Fluctuations in early stages
We clarify this apparent discrepancy from the following perspectives.
1)Figs. 1(c) and 2 present different metrics. Fig. 1(c) shows the MU index over communication rounds, while Fig. 2 plots the test accuracy against cumulative communication cost. As such, the x-axes differ in both the scale and meaning, and are not directly comparable.
2)In Fig. 1(c), FedSMU maintains a stable MU from the start due to symbolization, while FedAvg gradually improves. In Fig. 2, the early accuracy fluctuations in FedSMU are due to the initial quantization noise when the model is still far from the convergence. These fluctuations would diminish as training progresses and when symbolic updates begin to stabilize the training process.
Theoretical assumption
We acknowledge that recent studies suggest that mini-batch gradients in attention-based models may follow heavy-tailed distributions, thus challenging the standard assumptions in FL, such as the bounded variance.
In this paper, our theoretical analysis is based on the widely adopted assumptions in centralized and federated learning, particularly for CNNs and LSTMs, which follows the assumption in [A3, A4]. Besides, our evaluation on larger models empirically shows that FedSMU still performs well on ViT-S, which might indicate a practical robustness to the non-Gaussian gradients.

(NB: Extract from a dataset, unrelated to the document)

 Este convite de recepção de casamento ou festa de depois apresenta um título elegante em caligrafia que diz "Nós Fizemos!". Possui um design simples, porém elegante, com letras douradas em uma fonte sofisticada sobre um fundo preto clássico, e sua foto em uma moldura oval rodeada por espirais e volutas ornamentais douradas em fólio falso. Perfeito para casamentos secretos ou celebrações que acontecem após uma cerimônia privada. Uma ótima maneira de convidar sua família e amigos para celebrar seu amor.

Finally, we totally agree that better aligning the theory with behaviors of Transformer-based models is an important direction, and will briefly discuss this in the revised theoretical section.

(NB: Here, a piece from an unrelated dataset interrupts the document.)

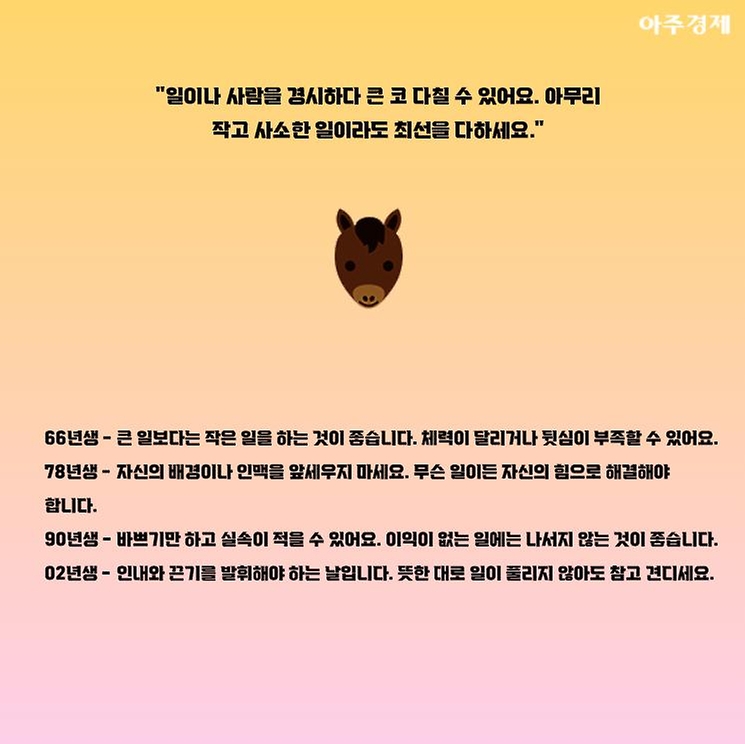 ▶말띠 오늘의 운세 "일이나 사람을 경시하다 큰 코 다칠 수 있어요. 아무리 작고 사소한 일이라도 최선을 다하세요."

[A3] X. Li, et al. "Analysis of error feedback in federated non-convex optimization with biased compression: Fast convergence and partial participation," ICML 2023.
[A4] X. Huang, et al. "Stochastic controlled averaging for federated learning with communication compression," arXiv:2308.08165 2023.
Thanks for the additional experiments and clarifications. Most of my concerns have been addressed, and I will increase my score. I strongly recommend that the authors discuss the quantization error in more detail in their revision, especially in the context of LLMs.
Dear Reviewer ZtNk,
We would like to express our gratitude once again for the time and effort you have dedicated in reviewing our paper, as well as in the rebuttal and discussion phases. Your insightful comments are invaluable for enhancing our work. In the final version of the manuscript and supplementary material, we will incorporate these additional experiments and related works, as well as expand our discussion on the quantization error, particularly in the context of LLMs.
Specifically, prior quantization methods for LLMs [5, 6] primarily focus on compressing the weights and activations, where the quantization errors may significantly impact the MatMul operations (e.g., in the attention heads). In contrast, our work targets at the gradient quantization in FL, where the use of 1-bit symbolization emphasizes the direction of updates over their precisions. Our preliminary results when using the ViT-Small model in Table A3 (https://anonymous.4open.science/r/A-7823/F.pdf) indicate that the induced quantization error has a minimal impact on the performance of a transformer model.
We believe that incorporating our gradient quantization scheme with the established low-bit techniques for weights and activations may offer a compelling path towards the fully quantized LLMs in the federated environments. Exploring this incorporation is inspiringly a next step, and will be considered as a promising direction of our future works.
The reviewers are in agreement that this paper makes a valuable contribution and should be accepted. We encourage the authors to carefully address the reviewers’ comments when preparing the camera-ready revision.